By connecting the dots created by existing knowledge and creating new knowledge through research, Lund and her students hope to serve as catalysts for new ways for children with hearing loss to learn.

“I’ve been exploring the hypothesis that maybe [phonological awareness] is also related to their vocabulary knowledge,” Lund said. “They learn different vocabulary and words than do children with normal hearing because of the age at which they get the implant and what it’s like to listen through those implants.”

Phonological awareness is the subconscious recognition that words are made of different sounds – something that is very difficult for children with hearing loss to develop.

“If I sit down and try to teach you ‘cat’ and ‘cap,’ and you have trouble with hearing, chances are you’re only going to learn one of those words or you’re going to be really confused about what I taught you,” said Lund.

Children with cochlear implants are already at a disadvantage when it comes to learning how to read – which can affect every other part of their education. In fact, the median reading level for 18-year-olds with hearing loss is at about 3rd or 4th grade level. 

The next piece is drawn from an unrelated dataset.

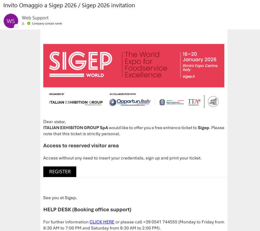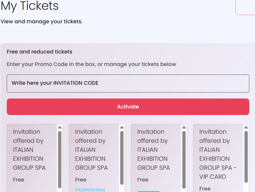 If the visitor does not receive the initial e-mail from websupport@iegexpo.it (it may unfortunately go to spam), but the invitation is among the delivered ones, the visitor can still see it in his or her reserved area by registering at this link, using the e-mail address to which the invitation was sent.

Sadly and despite massive leaps in technology, that level has not changed in 30 years.

“Some of these skills are likely important for learning to read,” said Lund. “Are they flat-lining? Are they growing for the kids with normal hearing? [We are] just trying to figure out the trajectory.”

Along with her graduate and undergraduate students, Lund has put 91 kids between the ages of four and seven through a test battery that included speech tests, hearing tests and phonological awareness activities.

“We are taking kids at age four and giving a variety of measures,” Lund said. “In my smaller study I was just looking at vocabulary and phonological awareness, so we’re kind of testing everything now.”

Lund is looking forward to continuing her research with another three-year grant. In the next three years, she plans to partner with a researcher at University of South Carolina. The have put together summer camps for children to develop vocabulary knowledge, reading level, syntax and academic readiness. The groups will have their progress evaluated at six-month intervals.

“Now we need to ask the question, ‘What is happening to these things as time moves on?’” said Lund.

Lund posited three possible places where the breakdown might be happening: number of words being learned, word organization or phonological awareness regardless of vocabulary. 

In any case, all three of these tasks are very difficult for kids with hearing loss.

“I’m more confident in my prediction that vocabulary is a piece of the story about why phonological awareness is not developing,” said Lund.

Laura Ridings working with a subject in the CHLLD lab

Laura Ridings (right), a speech-language pathology graduate student, works with Sawyer (left) in Lund’s CHLLD lab. During the 2018-2019 academic year, Lund’s students gained 550 hours of research experience spanning two NIH-funded studies, eight projects, four theses and one undergraduate honors project.

Both graduate and undergraduate students have helped in the project and seen its progression from grant to ultimate success. The experience gained in Lund’s lab also has potential to spur passion for research in future speech pathologists.

“This research allows us to continue advocating for children with hearing loss,” said speech language-pathology graduate student Laura Ridings. “This information can now lead us to more questions and more research studies to help us continue to learn more about children with hearing loss.”

That passion comes from the time spent in the lab, interacting one-on-one with each child and their family.

The project is not just meaningful to those currently taking part; it will have a lasting impact on children who benefit from the resulting knowledge for the rest of their life.

“Obviously, they’re behind but how do we keep them from being so far behind that they’re never going to catch up?” asked Benes. “It really shows that we do need to learn about it more because we need to figure out how we can best help these kids.”